## EXERCISE OBJECTIVE
Pictures stay out of the copy; set down each line of the listing below exactly.

## PROVIDED DATA
:::

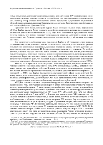 About the next mass expulsion of employees of Russian diplomatic missions in Germany and Russian retaliatory measures. Ministry of Foreign Affairs of the Russian Federation. 22.04.2024. (in Russian). Available at: https://www.mid.ru/ru/foreign_policy/news/1865005/(accessed 15.02.2024).
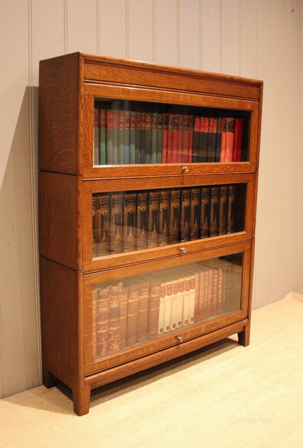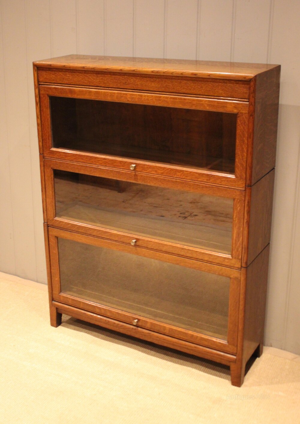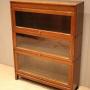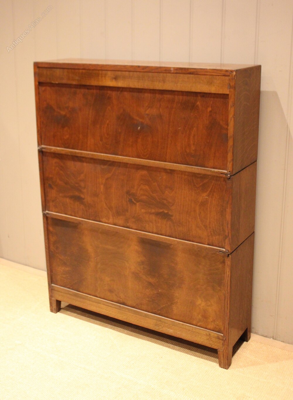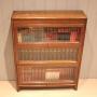 1930s oak stacking bookcase having three tiers with glazed up and over doors , raised on short straight feet.
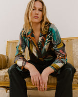 Sophisticated and exclusive, the Janet Silk Blouse features a stunning remarkable art deco print, an open neckline with a half placket, and a soft collar in luxurious stretch silk. The elegant drape and wide cropped sleeves with deep cuffs add a touch of effortless glamour to any outfit.
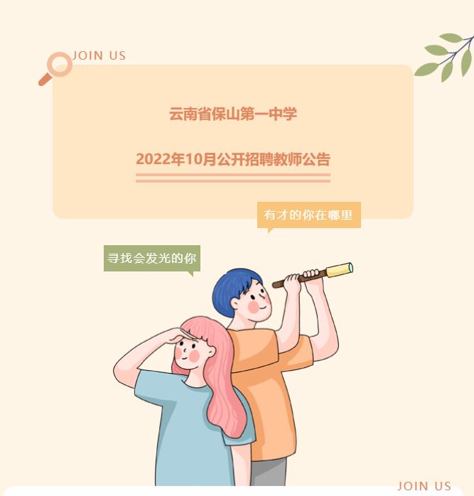根据《中共保山市委组织部 保山市人力资源和社会保障局保山市公安局转发<中共云南省委组织部 云南省人力资源和社会保障厅 云南省公安厅关于印发云南省事业单位公开招聘工作人员办法>的通知》(保人社联〔2016〕24号)、《中共保山市委组织部 中共保山市委机构编制委员会办公室 保山市人力资源和社会保障局关于进一步规范我市事业单位到校园公开招聘工作人员有关事项的通知》(保人社联〔2020〕18号)和《保山市教育体育局等五部门关于印发保山第一中学引进优秀教师实施方案的通知》(保教体发〔2021〕124号)等文件精神,经保山市教育体育局、保山市人力资源和社会保障局批准,现将云南省保山第一中学2022年10月公开招聘教师有关事宜公告如下:

:::

## PROBLEM SOLUTION
 About the next mass expulsion of employees of Russian diplomatic missions in Germany and Russian retaliatory measures. Ministry of Foreign Affairs of the Russian Federation. 22.04.2024. (in Russian). Available at: https://www.mid.ru/ru/foreign_policy/news/1865005/(accessed 15.02.2024).
 1930s oak stacking bookcase having three tiers with glazed up and over doors , raised on short straight feet.
 Sophisticated and exclusive, the Janet Silk Blouse features a stunning remarkable art deco print, an open neckline with a half placket, and a soft collar in luxurious stretch silk. The elegant drape and wide cropped sleeves with deep cuffs add a touch of effortless glamour to any outfit.
根据《中共保山市委组织部 保山市人力资源和社会保障局保山市公安局转发<中共云南省委组织部 云南省人力资源和社会保障厅 云南省公安厅关于印发云南省事业单位公开招聘工作人员办法>的通知》(保人社联〔2016〕24号)、《中共保山市委组织部 中共保山市委机构编制委员会办公室 保山市人力资源和社会保障局关于进一步规范我市事业单位到校园公开招聘工作人员有关事项的通知》(保人社联〔2020〕18号)和《保山市教育体育局等五部门关于印发保山第一中学引进优秀教师实施方案的通知》(保教体发〔2021〕124号)等文件精神,经保山市教育体育局、保山市人力资源和社会保障局批准,现将云南省保山第一中学2022年10月公开招聘教师有关事宜公告如下:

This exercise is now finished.